> _TASK BRIEF_: Among the entries below, copy only the span from the line containing "3歳の装いは、優しいペールピンク地に" through the line containing "UNIQUE E® provides". Do so exactly, and skip the pictures.

> _DATA SHOWN_:
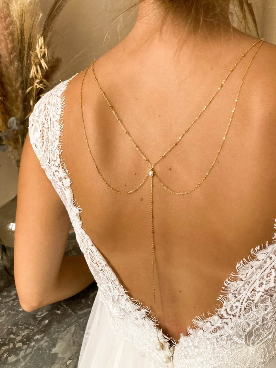Collier de dos ailettes chaine perlée et perle d’eau douce en acier inoxydable doré, raffiné apportant de l’élégance et de la finesse à la tenue.
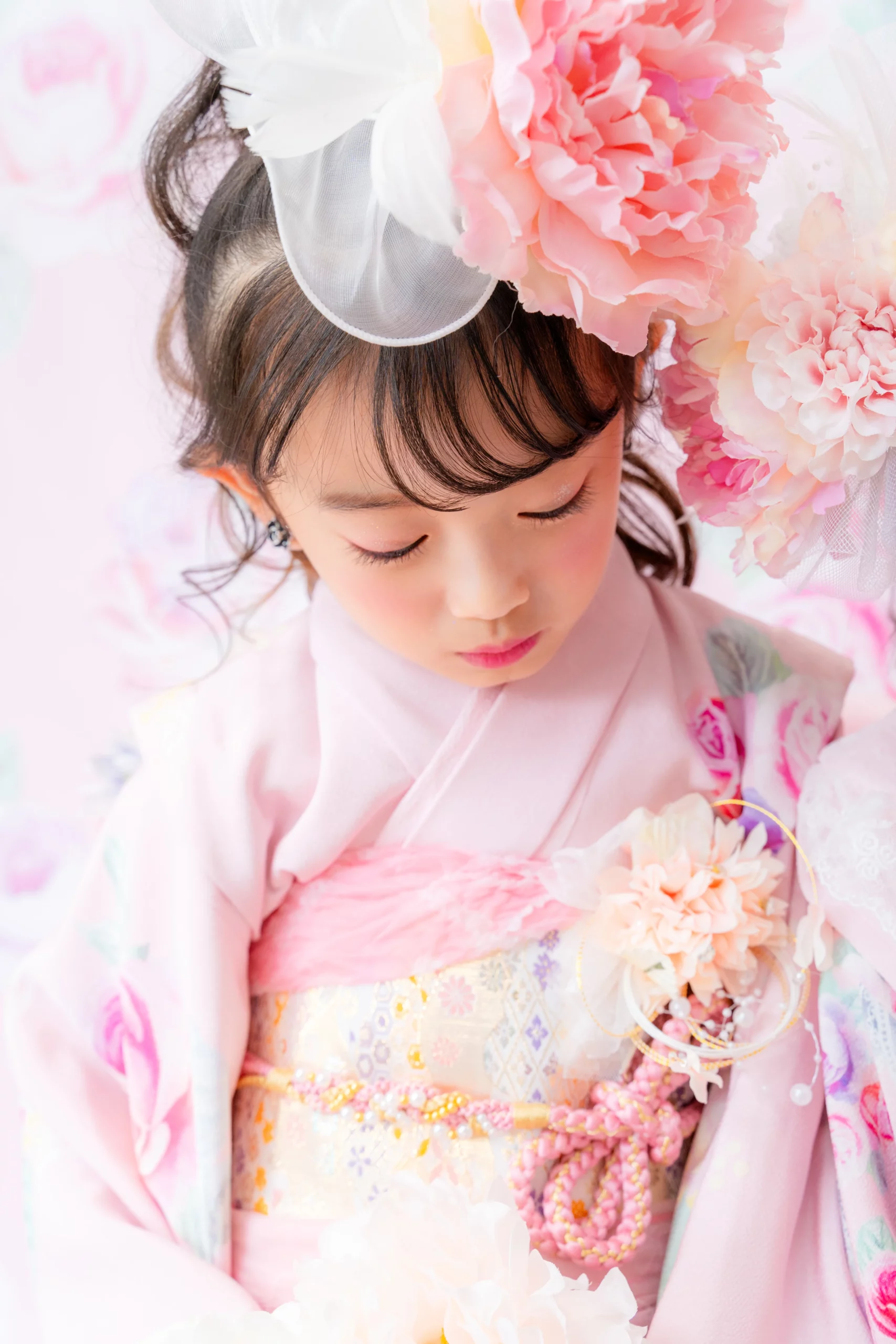 3歳の装いは、優しいペールピンク地に
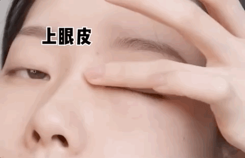 STEP 2:再从上眼皮眼头按摩到眼尾,起到紧致眼皮的作用;
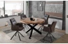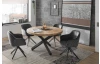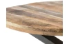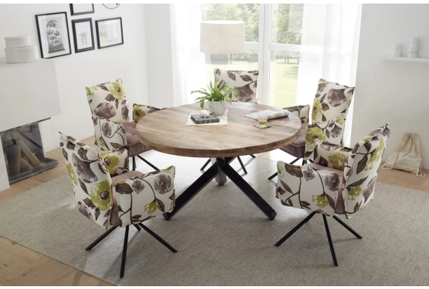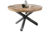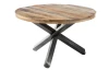 Okrúhly jedálenský stôl s priemerom 130 cm v štýlovej vintage optike bude zaujímavým stredobodom Vašej jedálne. Mohutne pôsobiaci stôl je vyrobený z masívneho exotického dreva so zámerne prirodzeným štruktúrovaným povrchom. Tmavá kovová podnož dodáva stolu veľmi dobrú stabilitu.
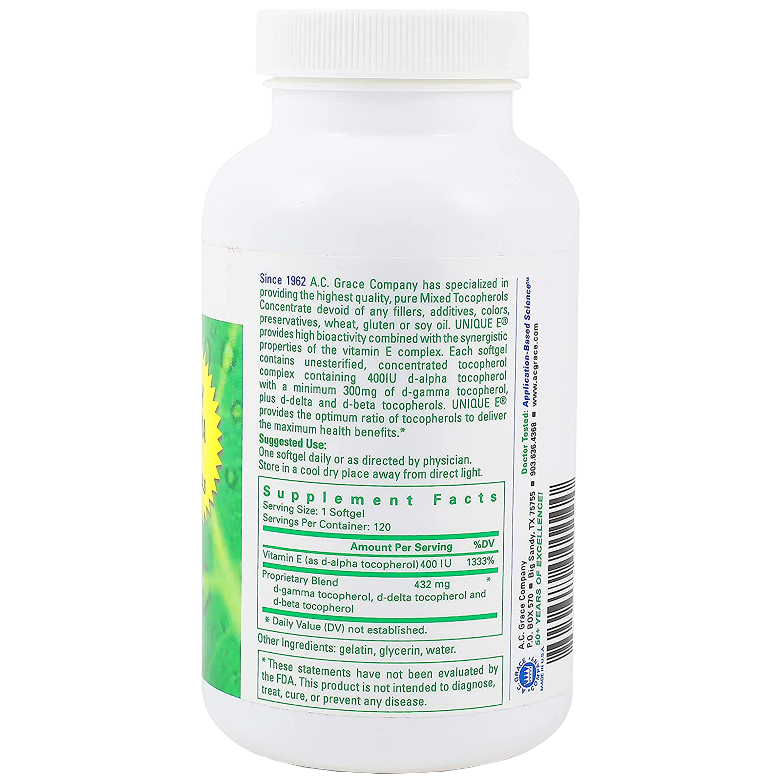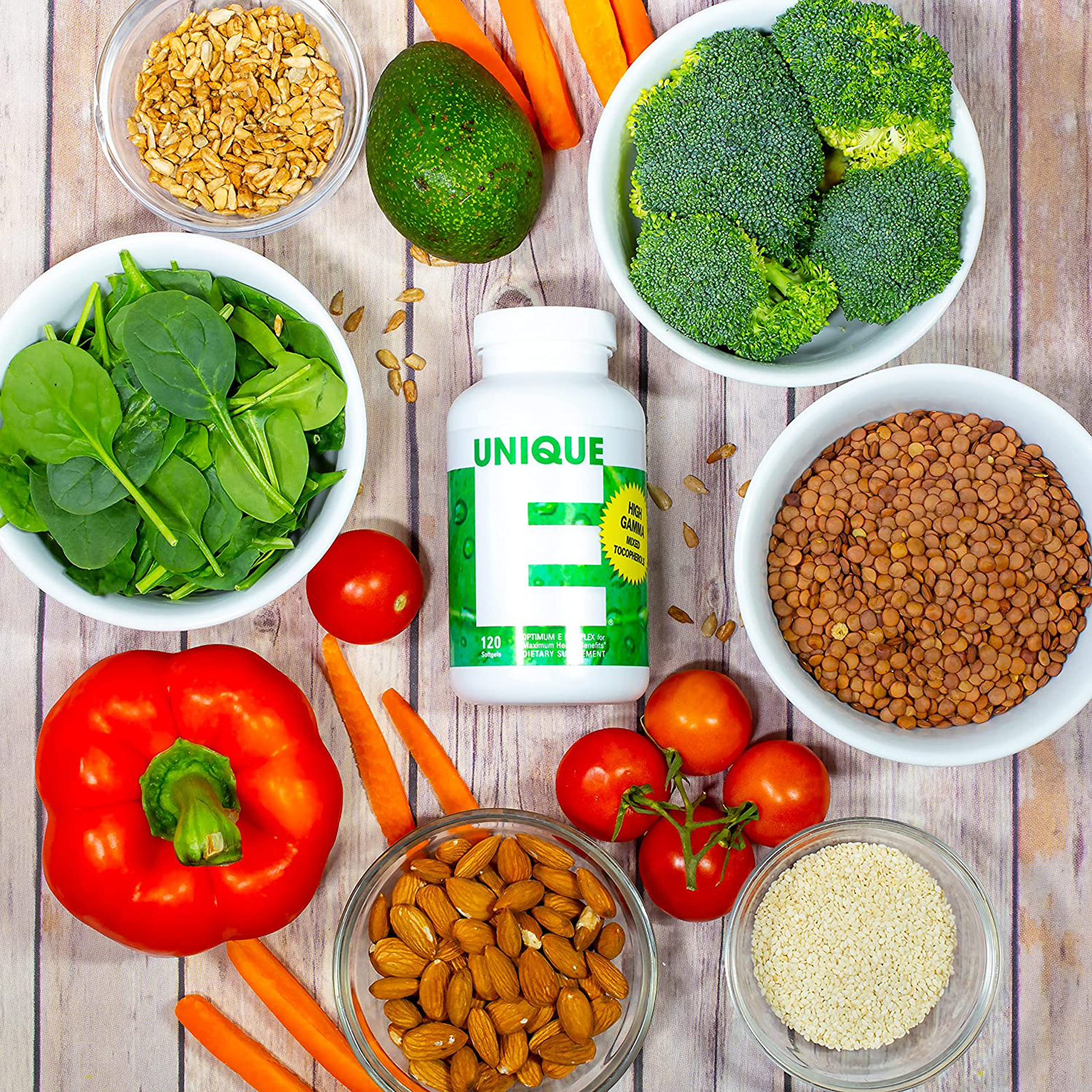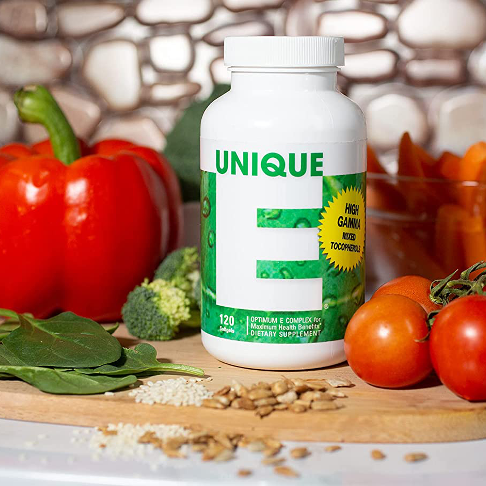 UNIQUE E® provides high bioactivity combined with the synergistic properties of the vitamin E complex. Each softgel contains unesterified, concentrated tocopherol complex containing 400 IU d-alpha tocopherol with a minimum 300 mg of d-gamma tocopherol, plus d-delta and d-beta tocopherols. UNIQUE-E® provides the optimum ratio of tocopherols to deliver the maximum health benefits.
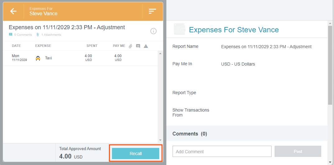 Expense Management Dashboard The Expense Management Dashboard allows users with appropriate permissions to view all the exported expense reports of individual expense owners in a central location, eliminating the need to delegate into individual users’ accounts. Users may open expense reports and view them as the expense owner would, including line items, attachments, and tracking details. Users with appropriate permissions may also recall exported reports from the Expense Management Dashboard. Admins may control user access to the Expense Management Dashboard via the Access Permissions admin screen. See "Expense Management Dashboard Permissions" in Access Permissions Admin Screen for details. Expense Management Grid 1. Click the MENU button in the upper left corner, then click EXPENSE MANAGEMENT. Note: Only users of wide-screen devices may access Expense Management; the menu item will not display on narrow-screen mobile devices. The Expense Management Dashboard will open. 2. Use the text box in the upper left to search for expenses by Expense Owner or Report ID. 3. Click a column header to sort the list of expenses by that criterion. Report Name Report ID Submit Date Status Export Date Expense Owner Pay Me (Amount) Approved (Amount) Currency You may drag a column header into the blue bar at the top of the screen to group the list of expenses by that column. To remove the group, click the X next to the column header name. 4. Click ADVANCED SEARCH to filter reports based on status. Preview Expenses Click once on an expense in the list to open a preview. Click the back arrow in the upper left to return to the Expense Management Dashboard. There are several actions you may perform directly from the preview: Profile Card: Click on the Report Owner's name to view their profile card. Open: Click to open the full report. Tracking: Click to view the approval routing path. Recall: If you have appropriate permissions, you will see the option to recall the report. Access the Expense Report Clicking OPEN in the expense preview will allow you to view the report as the expense owner would, including line items and attachments. Recall Expense Reports The Expense Management Dashboard can allow users with appropriate permissions to recall a fully exported report. The report will be sent to the Approval Dashboard of the user who recalled it. From there, that user may adjust the report or return it to the expense owner for adjustment. Note: This functionality is only recommended under certain specific circumstances. Admins may see "Expense Management Dashboard Permissions" in Access Permissions Admin Screen for details. If this feature has been activated, there are two ways to recall a report from the Expense Management Dashboard. 1. Click RECALL in the report's preview on the Expense Management Dashboard. 2. Or open the report and click the RECALL button there. Expense Management Security Your organization may choose to restrict access to certain expense reports on the Expense Management Dashboard via AuthorizeUser rules. Restricted users will see an "Access required to view this report" error message when they search for reports to which they have no access. If you are interested in activating this feature, contact Support. Was this article helpful? Yes No
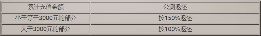 2、在公测时,将根据玩家在所有删档测试中充值的累加金额(即每次删档测试充值的金额加总),并按照上述公测返还规则进行返还。
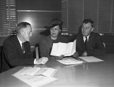 Miss Dorothy de la Pole, San Antonio, Texas, representative of 8th Regional Office of Civil Defense, (center) Joe B. Hogsett (left) and Aubrey Alexander.
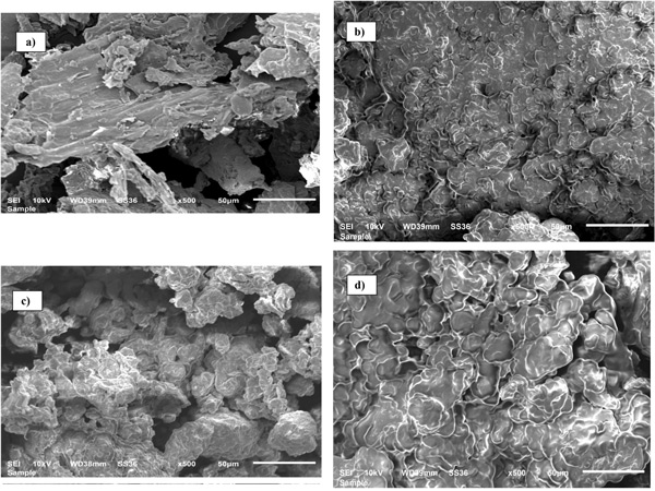 圖1:(a)活性炭和(b)氯化鋅改性和(c)草酸改性和(d)氯化鋅/硫化銅改性的SEM圖像。

> _OUTPUT FOR THIS TASK_:
 3歳の装いは、優しいペールピンク地に
 STEP 2:再从上眼皮眼头按摩到眼尾,起到紧致眼皮的作用;
 Okrúhly jedálenský stôl s priemerom 130 cm v štýlovej vintage optike bude zaujímavým stredobodom Vašej jedálne. Mohutne pôsobiaci stôl je vyrobený z masívneho exotického dreva so zámerne prirodzeným štruktúrovaným povrchom. Tmavá kovová podnož dodáva stolu veľmi dobrú stabilitu.
 UNIQUE E® provides high bioactivity combined with the synergistic properties of the vitamin E complex. Each softgel contains unesterified, concentrated tocopherol complex containing 400 IU d-alpha tocopherol with a minimum 300 mg of d-gamma tocopherol, plus d-delta and d-beta tocopherols. UNIQUE-E® provides the optimum ratio of tocopherols to deliver the maximum health benefits.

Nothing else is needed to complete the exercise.